No, that is 297 HP, but the torque rating went down to 250 (I believe). That is the REV-UP motor. The redline limit also increases to the revup motor.


----------



## cincyTT (May 11, 2006)

*Re: (Polski Ogier)*


_Quote, originally posted by *Polski Ogier* »_
No, that is 297 HP, but the torque rating went down to 250 (I believe). That is the REV-UP motor. The redline limit also increases to the revup motor.

the power level from 03 to either 05 or 06 were 286 with more tq and then they changed it to ~300hp and lost a tiny bit of tq.

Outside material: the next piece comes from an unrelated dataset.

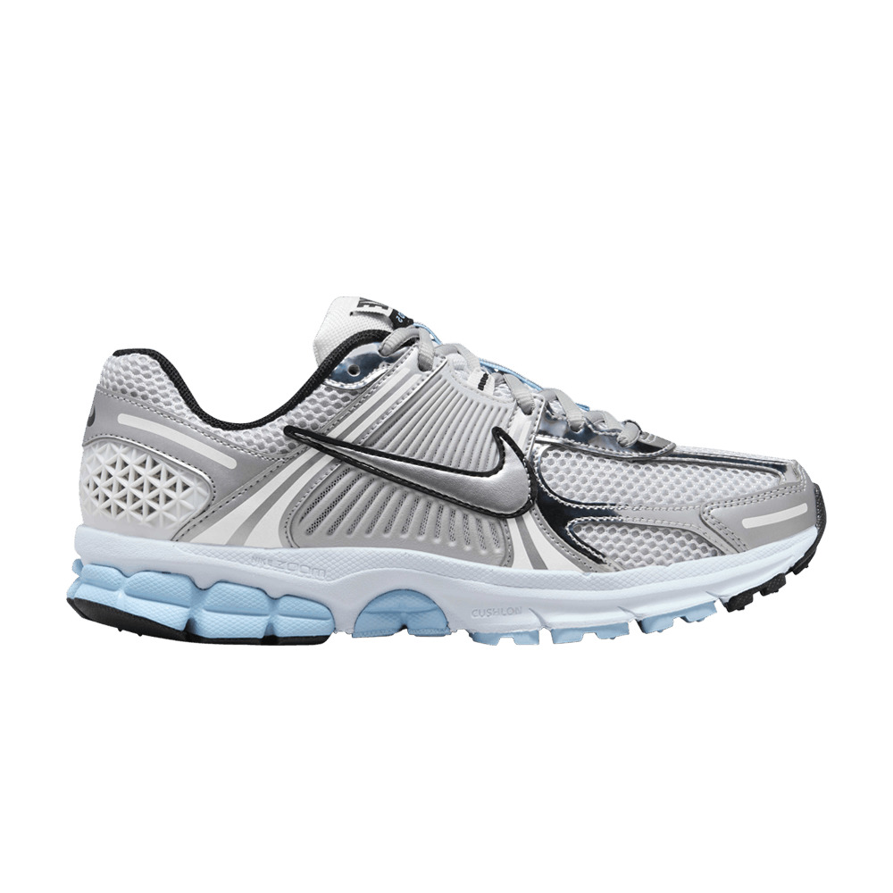 The Nike Women's Air Zoom Vomero 5 'Metallic Silver Blue Tint' sports a ventilated white mesh upper, featuring forefoot overlays and an eyestay in a mirror-reflective finish. A metallic silver Swoosh sits atop the TPU midfoot cage, which is flanked by matte silver overlays accented with 3M reflective detailing. A splash of powder blue enlivens a lightweight Cushlon midsole with encapsulated Zoom Air cushioning in the forefoot and heel. UPPER MATERIAL Mesh

This changed the year after the anniversary ed. came out.


----------



## TXR32 (Jun 4, 2006)

*Re: (cincyTT)*


_Quote, originally posted by *cincyTT* »_
the power level from 03 to either 05 or 06 were 286 with more tq and then they changed it to ~300hp and lost a tiny bit of tq. This changed the year after the anniversary ed. came out.

My aoplogies on the data I gave guys...just did a google search really quick to post up some curb weights and HP/TQ numbers......I almost feel like i'm with my old car group when we used to go round and round about CHEVY vs. FORD (mostly Camaros vs. Mustangs) and we could never agree or agree to disagree


----------